> [DATASET SECTION]
[Start of section]
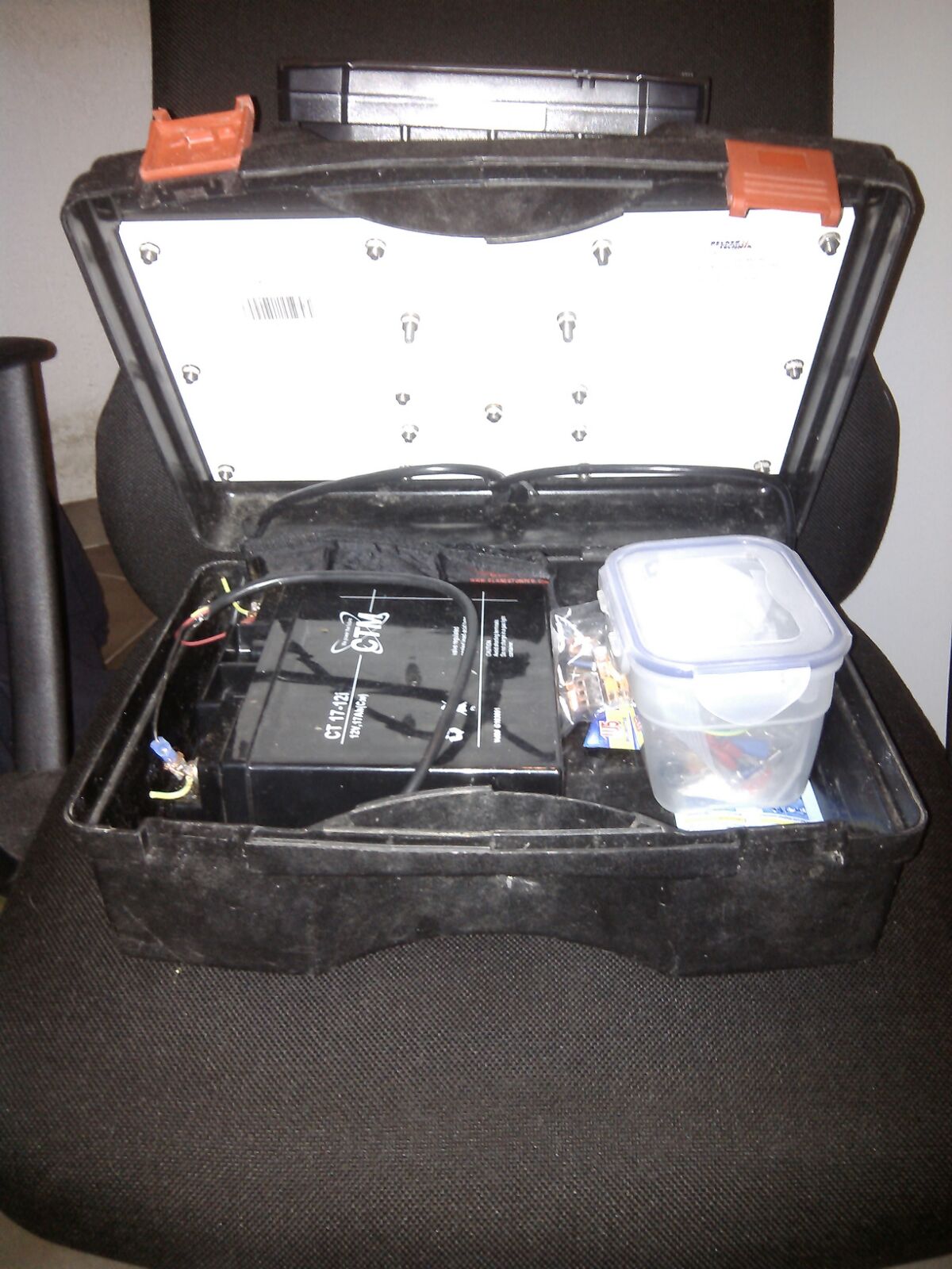 Der Akku (12V, 18Ah) passt zwar grad so in den Plastikkoffer der Tasche, aber dann ist kein Platz mehr, um das Echolot auf dem Koffer zu befestigen, da sich die Schrauben und Akku in die Quere kommen. Zudem wird das dann jedesmal eine gewaltige Tüddelei die Kabel für Strom und Geber von hinten an die Anschlüsse zu befestigen.
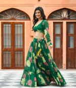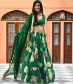 Green Silk Printed Lehenga Set new
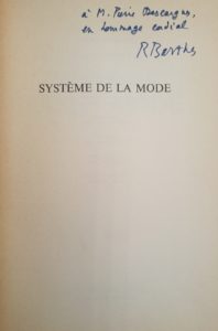 Système de la Mode. Paris, Le Seuil, 1967. In-8, broché. Édition originale, sans grand papier. Envoi autographe signé à Pierre Descargues.
[End of section]
> [EXERCISE]
Exact output of each line above is wanted, without the pictures.

> [RESULT FOR THIS TASK]
 Der Akku (12V, 18Ah) passt zwar grad so in den Plastikkoffer der Tasche, aber dann ist kein Platz mehr, um das Echolot auf dem Koffer zu befestigen, da sich die Schrauben und Akku in die Quere kommen. Zudem wird das dann jedesmal eine gewaltige Tüddelei die Kabel für Strom und Geber von hinten an die Anschlüsse zu befestigen.
 Green Silk Printed Lehenga Set new
 Système de la Mode. Paris, Le Seuil, 1967. In-8, broché. Édition originale, sans grand papier. Envoi autographe signé à Pierre Descargues.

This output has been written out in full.